A gdb.Block is iterable. The iterator returns the symbols (see Symbols In Python) local to the block. Python programs should not assume that a specific block object will always contain a given symbol, since changes in GDB features and infrastructure may cause symbols move across blocks in a symbol table.

The following block-related functions are available in the gdb module:

Function: gdb.block_for_pc (pc)

Return the innermost gdb.Block containing the given pc value. If the block cannot be found for the pc value specified, the function will return None.

A gdb.Block object has the following methods:

Function: Block.is_valid ()

Returns True if the gdb.Block object is valid, False if not. A block object can become invalid if the block it refers to doesn’t exist anymore in the inferior. All other gdb.Block methods will throw an exception if it is invalid at the time the method is called. The block’s validity is also checked during iteration over symbols of the block.

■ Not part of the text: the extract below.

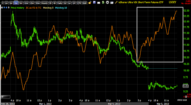 While UNG didn't have much time to work on that migration as the 1 min chart went positive around 2:45 p.m., it did make it far enough along to put the 3 min chart in line, so the move so far is of to a good start.

A gdb.Block object has the following attributes:

Variable: Block.start

The start address of the block. This attribute is not writable.

Variable: Block.end

The end address of the block. This attribute is not writable.

Variable: Block.function

The name of the block represented as a gdb.Symbol. If the block is not named, then this attribute holds None. This attribute is not writable.

For ordinary function blocks, the superblock is the static block. However, you should note that it is possible for a function block to have a superblock that is not the static block – for instance this happens for an inlined function.

Variable: Block.superblock

The block containing this block. If this parent block does not exist, this attribute holds None. This attribute is not writable.

Variable: Block.global_block

The global block associated with this block. This attribute is not writable.

Variable: Block.static_block

The static block associated with this block. This attribute is not writable.

Variable: Block.is_global

True if the gdb.Block object is a global block, False if not. This attribute is not writable.

Variable: Block.is_static

True if the gdb.Block object is a static block, False if not. This attribute is not writable.